Dans la presse, le récit de ce type de crime dépasse bien souvent le simple entrefilet ; objets d’une attention médiatique soutenue, ces faits divers sont rapidement promus au rang d’« affaires », ce qui les rend d’autant plus aptes à servir de canevas à un futur roman. L’émoi que cause l’affaire dans l’opinion publique suggère que la transgression relatée relève du tabou, qu’elle est le signe d’une part d’ombre que le romancier est alors tenté d’élucider. Part d’ombre du tabou social, mais aussi part d’ombre ménagée par une écriture journalistique dont on craint qu’elle soit trop standardisée pour rendre compte de la richesse de l’événement.

Le journalisme en procès

Ce qui retient l’attention des romanciers, dans leur représentation des journalistes et de leur travail, est leur supposée prétention à la factualité, leur écriture soi-disant neutre, leur apparente objectivité à l’égard des événements relatés. Ces critiques touchent tantôt les méthodes de collecte d’informations, tantôt les procédés journalistiques de mise en texte, les deux étapes étant étroitement liées. Le premier reproche adressé aux journalistes concerne leur avidité, qui les pousserait à briser la distance décente qu’il convient de préserver par respect pour les protagonistes du drame. Ainsi Emmanuel Carrère songe à « jouer le reporter fouineur et qui s’incruste », mais y renonce, arguant qu’il

[s]e voyai[t] mal coinçant [s]on pied dans les portes que des familles endeuillées voudraient [lui] refermer au nez, passant des heures à boire des vins chauds avec des gendarmes franc-comtois, cherchant des stratagèmes pour faire connaissance de la greffière du juge d’instruction[26]

Chez Besson, cette critique, plus virulente, s’exprime par l’assimilation du journalisme à une chasse cruelle, dont il souligne la « rapacité ». Les parents de Grégory sont « deux bêtes blessées offertes à l’oeil inquisiteur, obscène de la caméra[27] », tandis que les journalistes qui guettent le clan Villemin « allument les phares de leurs voitures et braquent leurs projecteurs [comme] des chasseurs qui traquent des animaux[28] ».

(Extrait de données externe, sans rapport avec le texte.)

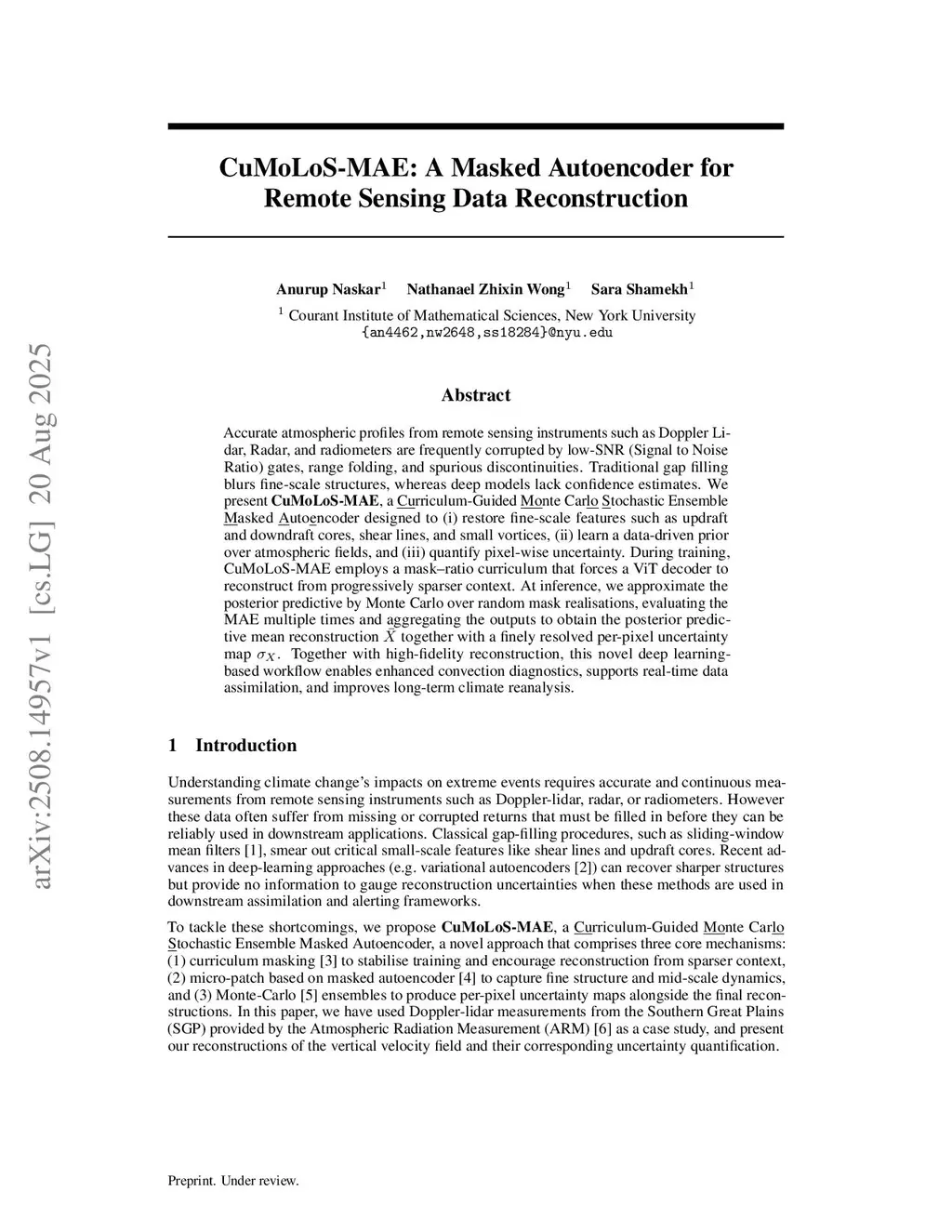 Accurate atmospheric profiles from remote sensing instruments such as Doppler Lidar, Radar, and radiometers are frequently corrupted by low-SNR (Signal to Noise Ratio) gates, range folding, and spurious discontinuities. Traditional gap filling blurs fine-scale structures, whereas deep models lack confidence estimates. We present CuMoLoS-MAE, a Curriculum-Guided Monte Carlo Stochastic Ensemble Masked Autoencoder designed to (i) restore fine-scale features such as updraft and downdraft cores, shear lines, and small vortices, (ii) learn a data-driven prior over atmospheric fields, and (iii) quantify pixel-wise uncertainty. During training, CuMoLoS-MAE employs a mask-ratio curriculum that forces a ViT decoder to reconstruct from progressively sparser context. At inference, we approximate the posterior predictive by Monte Carlo over random mask realisations, evaluating the MAE multiple times and aggregating the outputs to obtain the posterior predictive mean reconstruction together with a finely resolved per-pixel uncertainty map. Together with high-fidelity reconstruction, this novel deep learning-based workflow enables enhanced convection diagnostics, supports real-time data assimilation, and improves long-term climate reanalysis.

Cette avidité entraînerait également une trop grande proximité entre les journalistes et les acteurs de l’investigation, ce dont Carrère faisait état dans la citation précédente. Les jeux réciproques de manipulations — des individus et de l’information — constituent un second axe de la critique. Si les journalistes peuvent amadouer les acteurs de l’investigation pour leur soutirer des confidences, l’inverse est également vrai et il apparaît bientôt que les journalistes sont eux aussi soumis à des manipulations. Dans Moloch, les dialogues entre enquêteurs sont le lieu d’explications qui permettent de comprendre la nécessité de retenir certaines informations afin d’assurer le bon déroulement de l’enquête :

— La presse pourrait venir fouiner et il est plus que souhaitable que ces gens-là n’apprennent rien de ce qui s’est réellement passé ici. Tout du moins dans l’immédiat. Et moins il y aura de pub autour de ce qu’on apprendra, mieux ça vaudra. C’est une question d’efficacité. […] C’est important, insista Rovère. Je ne sais pas ce qu’on va trouver, vraiment pas, mais vous deux, fermez-la le plus longtemps possible. Croyez-moi, ça ne sera pas inutile[29]

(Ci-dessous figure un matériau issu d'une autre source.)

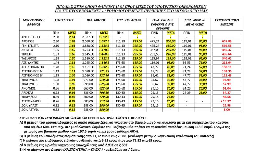Αναλυτικό πίνακα με τους μισθούς των αξιωματούχων των Σωμάτων Ασφαλείας μετά την ψήφιση των μέτρων δημοσιεύουν σε ανακοίνωσή τους οι Ομοσπονδίες των Σωμάτων Ασφαλείας.

— La presse ? s’inquiéta Sandoval.

— On a réussi à la tenir à l’écart. Officiellement, il y a quatre morts, point ! précisa Rovère. Pour le moment, personne ne sait qu’il s’agit d’enfants[30]

Dans L’adversaire, la manipulation va encore plus loin, puisqu’elle ne concerne plus uniquement le filtrage de l’information, mais affecte jusqu’au choix du vocabulaire employé par les journalistes, toujours susceptible d’être soumis à la censure par le biais notamment de recours légaux : 

[L]es journaux avaient reçu l’ordre de taire le nom [de Corinne, l’amante de Jean-Claude Romand] et parlaient d’elle comme d’une “mystérieuse maîtresse”[31].

Corinne a fait exiger par son avocat qu’on ne parle plus d’elle dans la presse comme de la maîtresse du monstre mais comme d’une simple amie[32].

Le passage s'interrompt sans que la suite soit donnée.